I don't think anyone is arguing that the result of the operation should be truncated to a byte, even if assigned to an int.

And yet, that's exactly what happens if you use int and long:

int a = int.max;
long b = a + 1;
writeln(b > 0); // false

I think there are reasonable arguments to be made on both sides, but having both behaviors in the same language is a bit of a mess, don't you think?

February 04, 2022

On 2/4/22 5:22 PM, Paul Backus wrote:

>

On Friday, 4 February 2022 at 22:11:10 UTC, Steven Schveighoffer wrote:

>

I don't think anyone is arguing that the result of the operation should be truncated to a byte, even if assigned to an int.

And yet, that's exactly what happens if you use int and long:

    int a = int.max;
    long b = a + 1;
    writeln(b > 0); // false

I think there are reasonable arguments to be made on both sides, but having both behaviors in the same language is a bit of a mess, don't you think?

Yes, I would prefer for the compiler to determine if the overflow is needed, and generate appropriate instructions based on that.

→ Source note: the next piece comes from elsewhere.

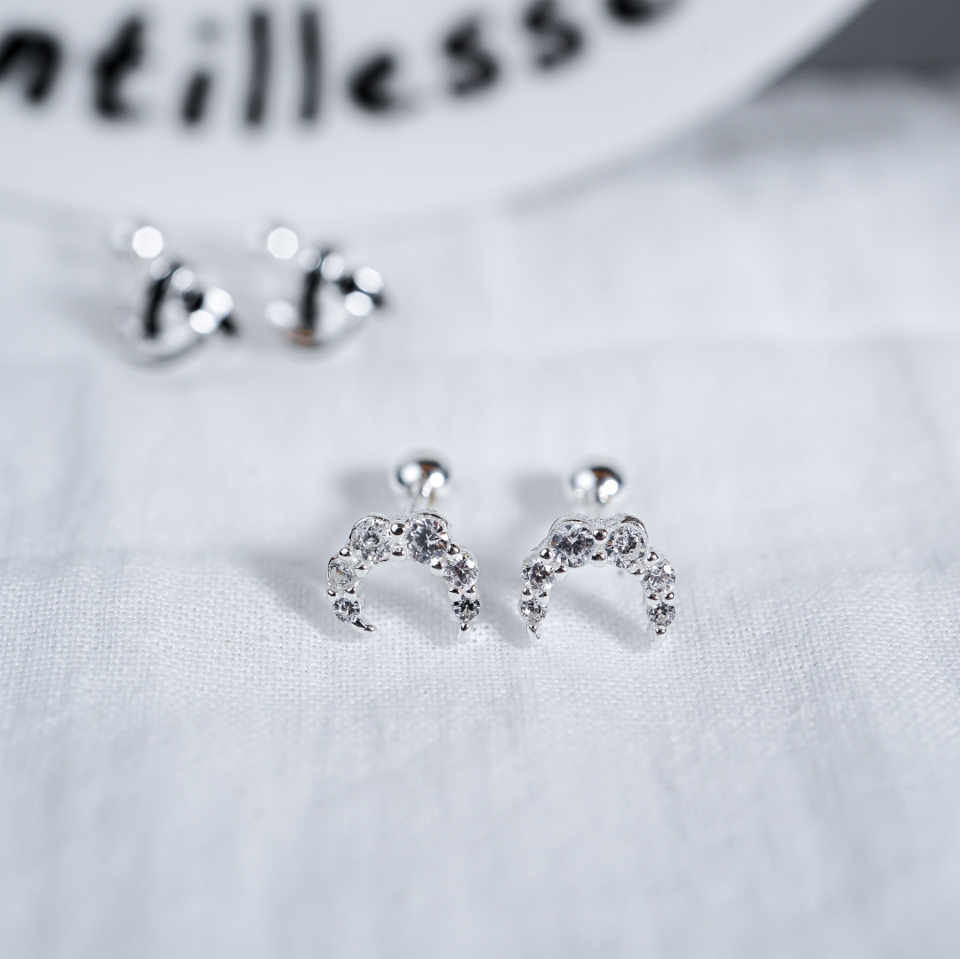 全純銀鎖式耳環|你永遠最美 | 星月 | 滿鑽 | 鎖珠 | 耳環 | 設計款

The reason this doesn't come up often for int -> long is because a) you aren't usually converting an int-only operation to a long, and b) overflow of an int is rare.

-Steve

February 04, 2022
On 2/4/2022 6:12 AM, Adam D Ruppe wrote:
> I'd allow that. The input is a and b, they're both short, so let the output truncate back to short implicitly too. Just like with int, there's some understanding that yes, there is a high word produced by the multiply, but it might not fit and I don't need the compiler nagging me like I'm some kind of ignoramus.

As I observed before, there is no solution. Just different problems. It's best to stick with a scheme that has well-understood issues and works best with the common CPU architectures.